▼

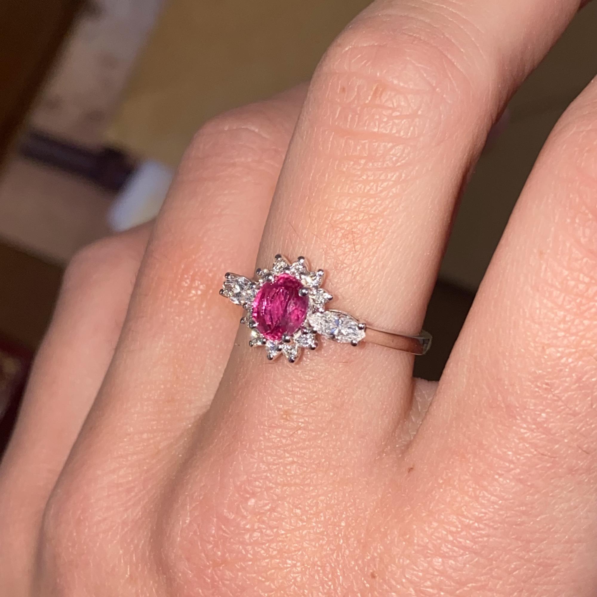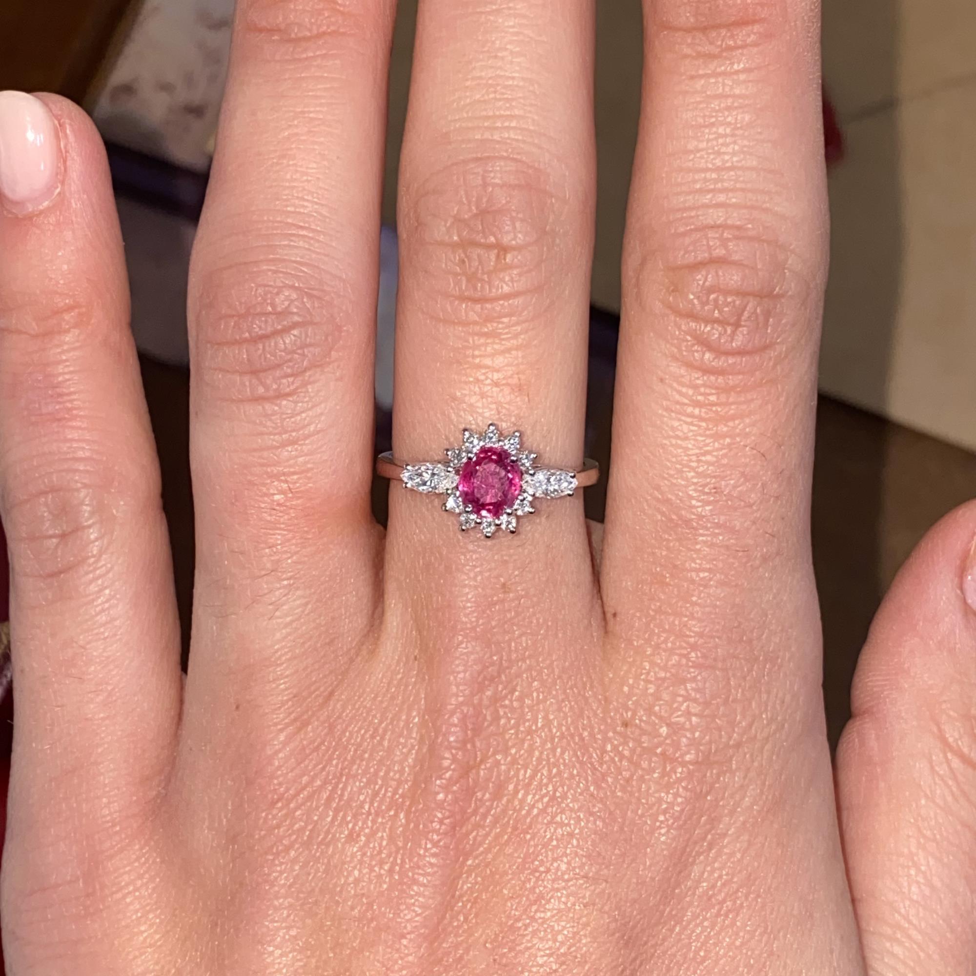 MARGHERITA IN ORO 18KT CON RUBINO CT 0,85 CA. E DIAMANTI CT 0,40 CA.
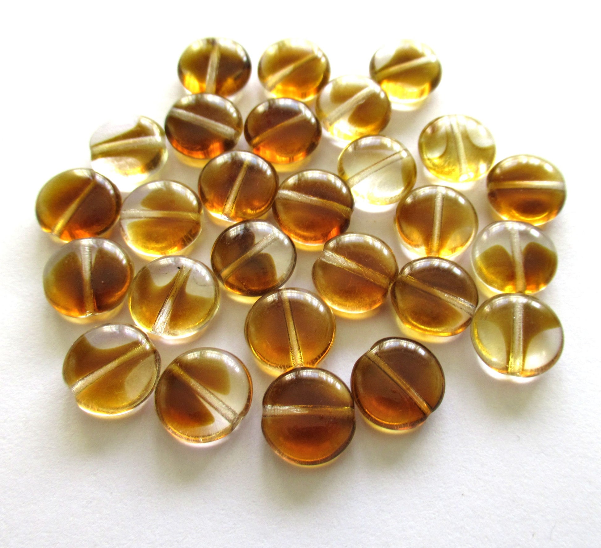 20 Czech glass coin beads - 10mm topaz brown & crystal mix disc beads C00011
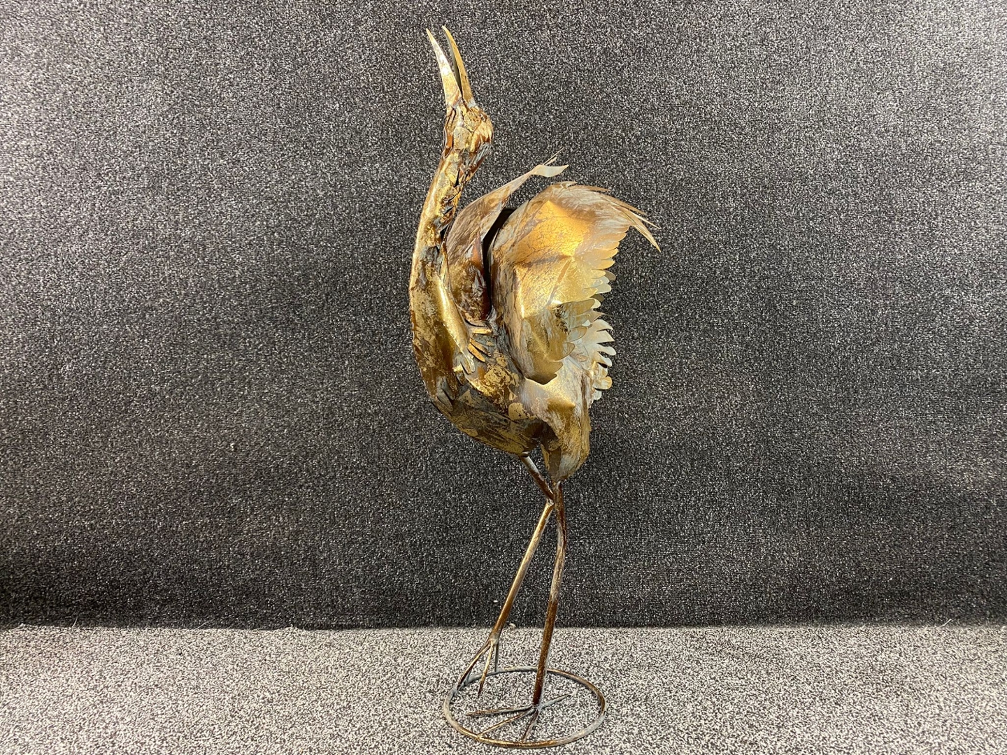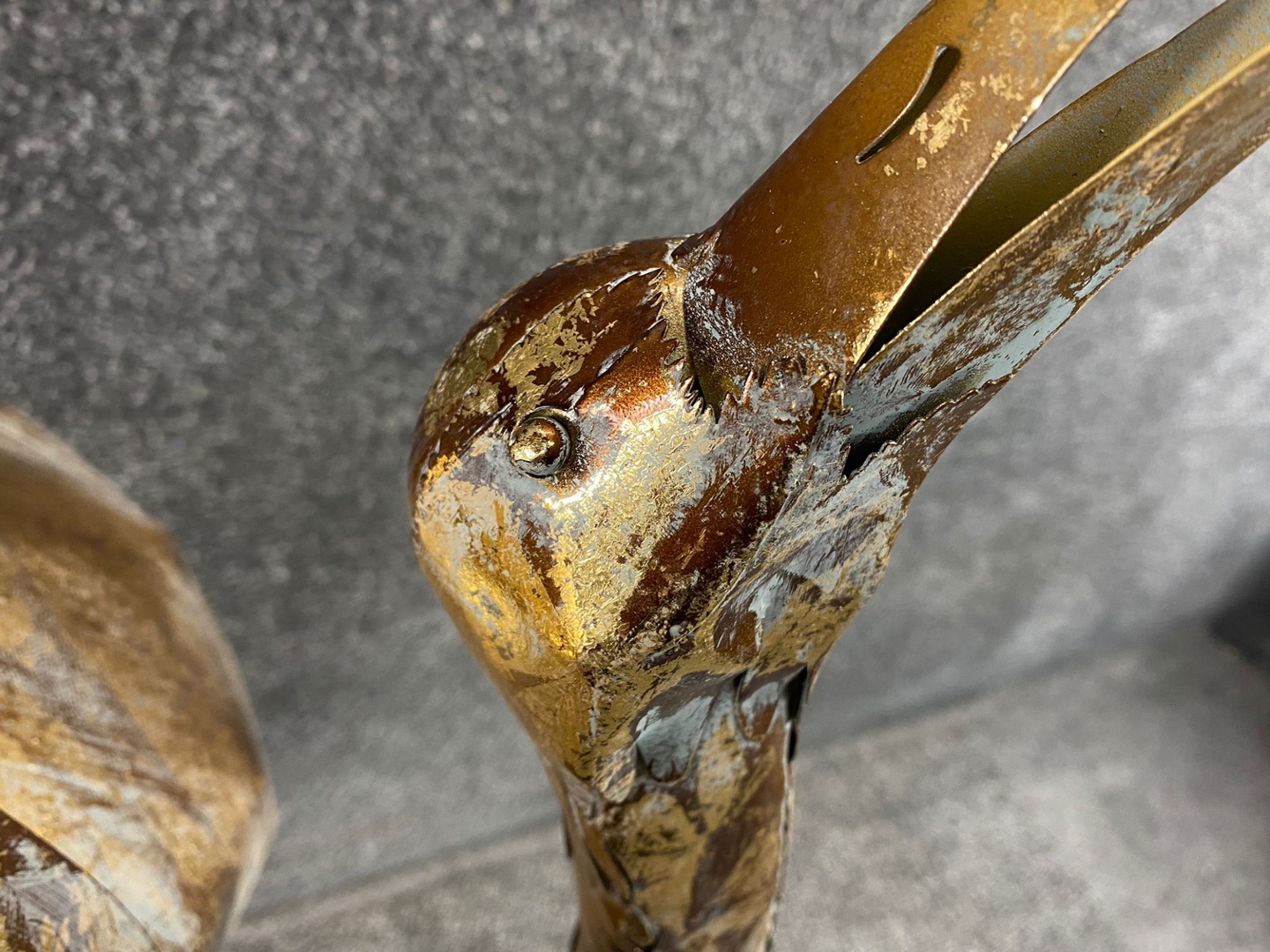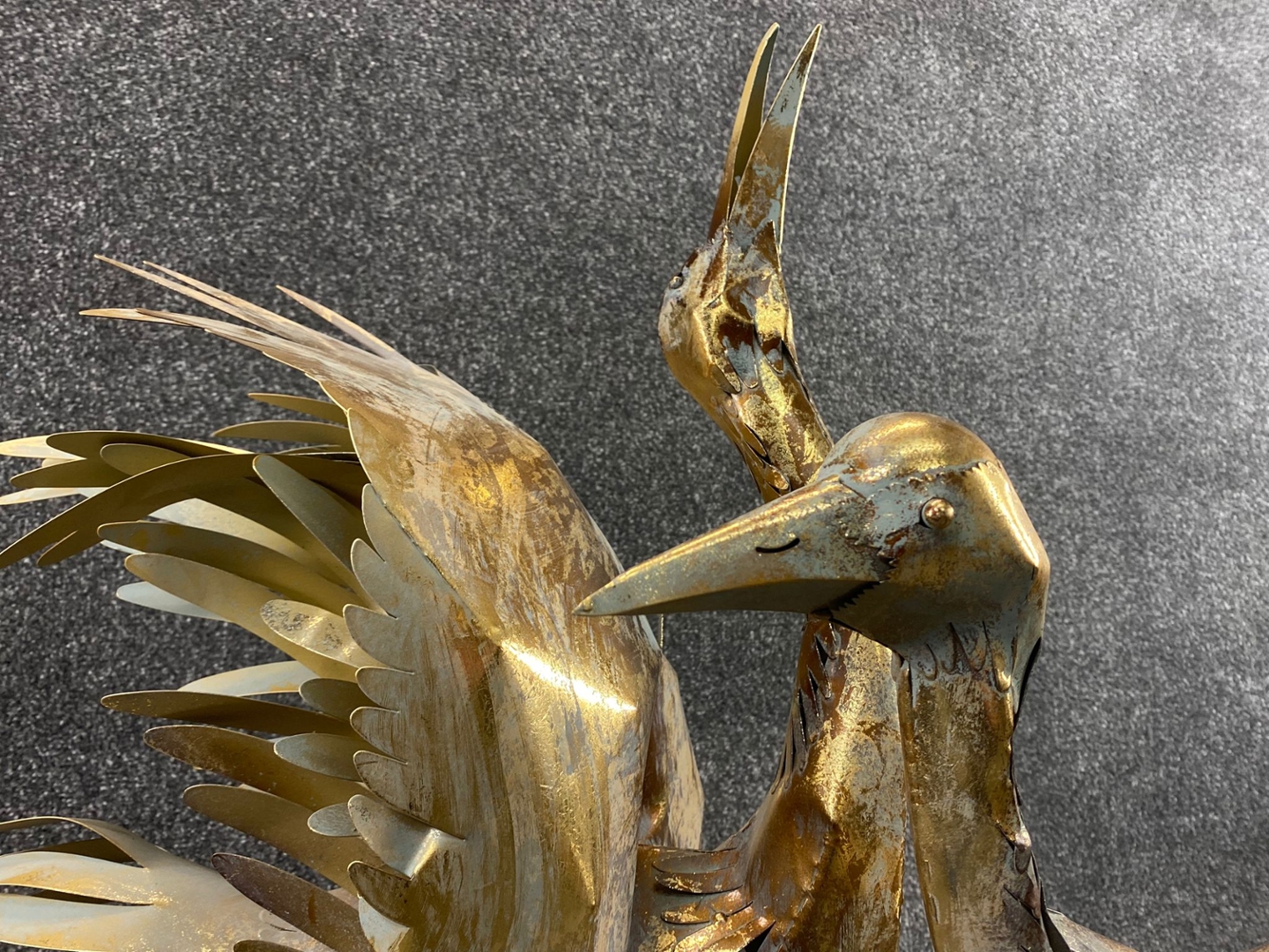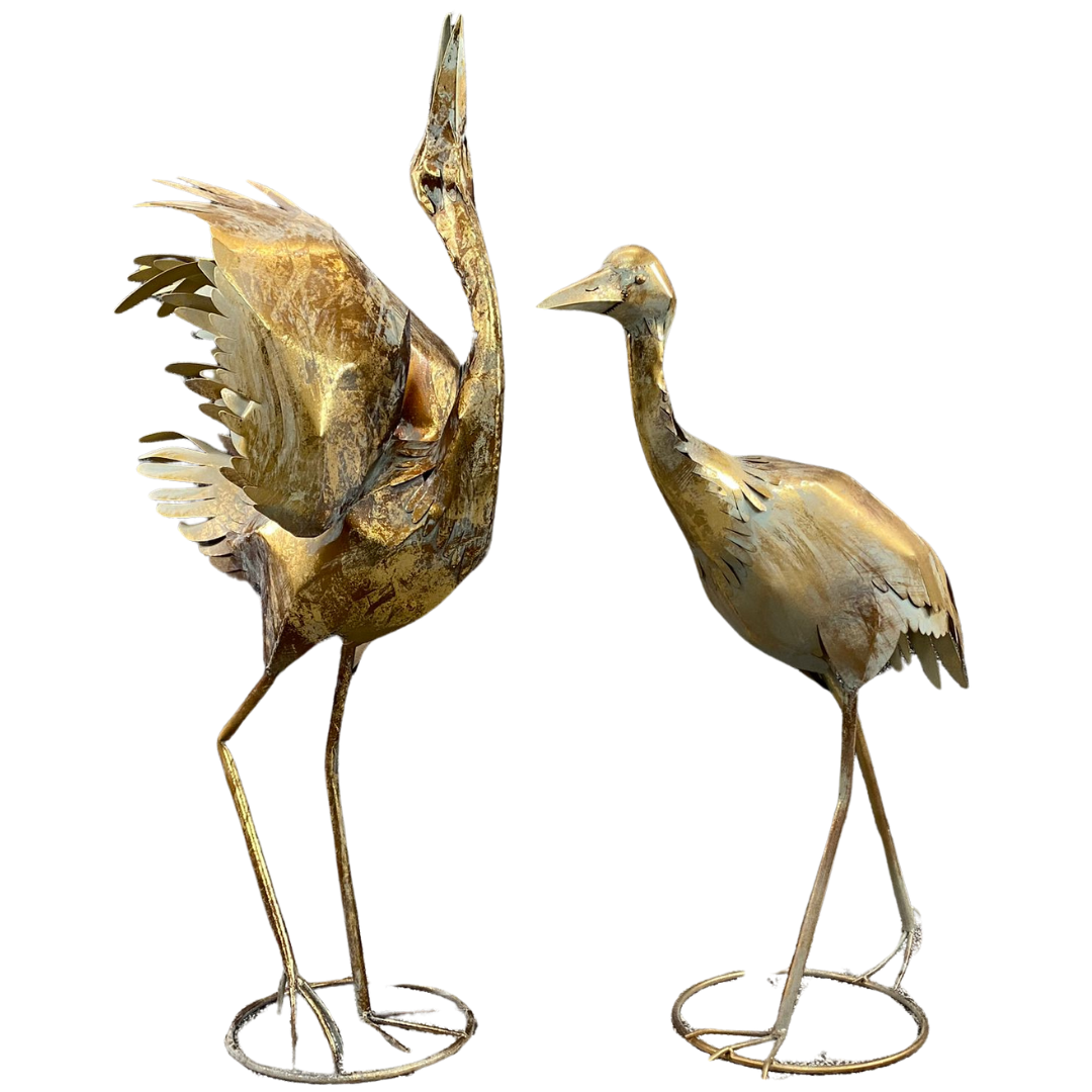 A pair of floor standing garden Gold Cranes. Approx 37" height, 25" width,15" depth.

▲

- **WORK REQUIRED**
Your output must reproduce the material above in full, with no pictures.

- **EXERCISE SOLUTION**
 MARGHERITA IN ORO 18KT CON RUBINO CT 0,85 CA. E DIAMANTI CT 0,40 CA.
 20 Czech glass coin beads - 10mm topaz brown & crystal mix disc beads C00011
 A pair of floor standing garden Gold Cranes. Approx 37" height, 25" width,15" depth.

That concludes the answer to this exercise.